2項 前項の規定による意思表示の無効は,善意の第三者に対抗することができない。
1 意義(教材95,四宮162)
通謀虚偽表示=相手方と通じて行った真意でない意思表示
2 効力(四宮162)
無効(94条1項)
※双方が表示どおりの法律効果を発生させないことを合意
※反面第三者の保護が必要→94条2項
3 第三者の保護(94条2項)
(1)第三者(四宮163)
=虚偽表示の当事者及び一般承継人ではなくして,意思表示の目的ないし効果について利害関係を有するに至った者(大審院昭和20年11月26日判決・民集24巻120ページ)
(2)善意(四宮163)
・基準時=第三者たる地位を取得した時点
・過失の要否(争いあり)
→不要(大審院昭和12年8月10日判決・新聞4185号9ページ等,通説)
※外形を信頼する者を保護する制度は,無過失を要件とするのが原則だが,自分で外形を作った者が外形どおりの責任を負うべき場合だから,無過失を必要としない(我妻T292)。
・証明責任
→第三者(最高裁判所昭和41年12月22日判決・民集20巻2168ページ等,通説)
(3)対抗することのできない主体
当事者だけではなく,他の第三者もできない(四宮163)。なお,(5)。
(4)第三者からの転得者
・「第三者」には,転得者も含まれる。
・直接の「第三者」が悪意+転得者が善意
→転得者保護(最高裁判所昭和45年7月24日判決・民集24巻1116ページ)
・直接の「第三者」が善意+転得者が悪意
→転得者保護(大審院昭和6年10月24日判決・新聞3334号4ページ)
※「絶対的構成」
・失踪宣告の処理に同じ。
・177条の背信的悪意者の処理と相違(相対的構成)。
※「絶対的構成」の理由(我妻T292,内田T57)
・転得者は,善意者の地位を承継する。
・相対的構成では,善意の第三者が悪意者から追奪担保責任を問われる。
・原所有者は,善意の第三者が出現した時点で取り返しをあきらめた。
(5)対抗要件の具備の要否
虚偽表示をした者との関係→不要(最高裁判所昭和44年5月27日判決・民集23巻6号998ページ)。
※転々譲渡の前主と後主
虚偽表示をした原所有者から譲渡を受けた第三者との関係→必要
問題は,通謀の相手方に登記が移転しているが,善意の第三者には移転していないとき。
四宮166は,第三者は,登記がない限り,原所有者からの譲受人に対抗し得ないとし,これが判例の立場の前提であるとする(四宮167)。

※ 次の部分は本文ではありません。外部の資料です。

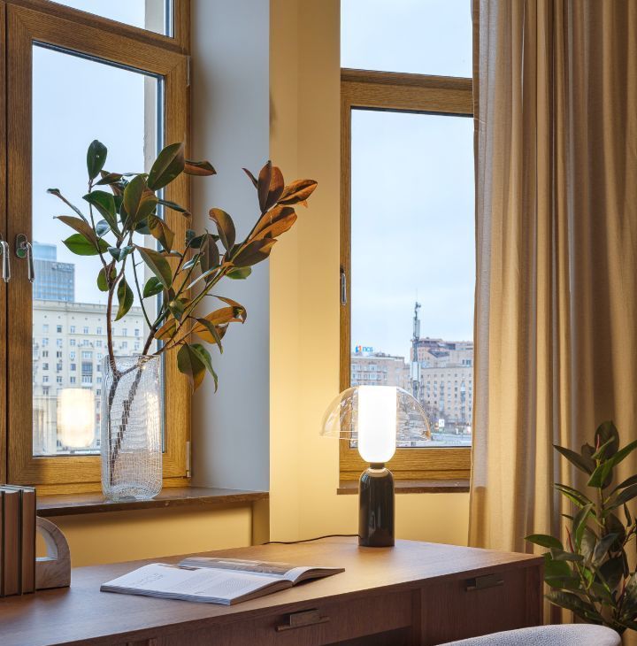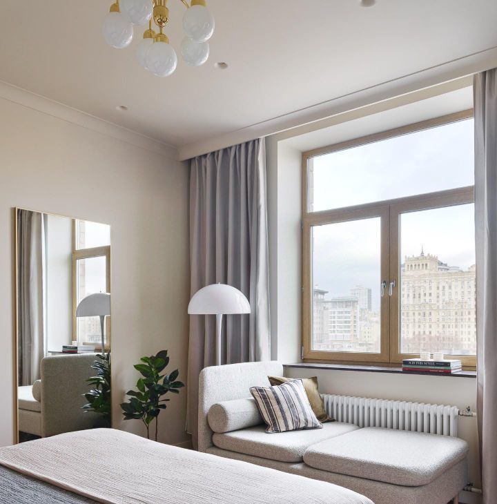 Утро начинается с мягкого солнечного света, аромата свежего кофе и музыки винила. Пять больших окон с видом на воду и город - вы в центре Москвы, но в тишине и комфорте.

なお,引用に係る最高裁判所昭和42年10月31日判決・民集21巻8号2232ページは,第三者に登記があるものの,相手方・第三者間譲渡の後,登記の移転の前に,原所有者からの譲受人により処分禁止の仮処分がされている事案について,原所有者の譲受人が勝訴したもの。
昭和42年最判解説508は,「まさに民法177条を解釈する際の最も典型的なケースであって,(中略)お互に民法177条の第三者であるから,登記なくして他に自己の所有権取得を対抗できないこと,火を見るよりあきらかであろう」とする。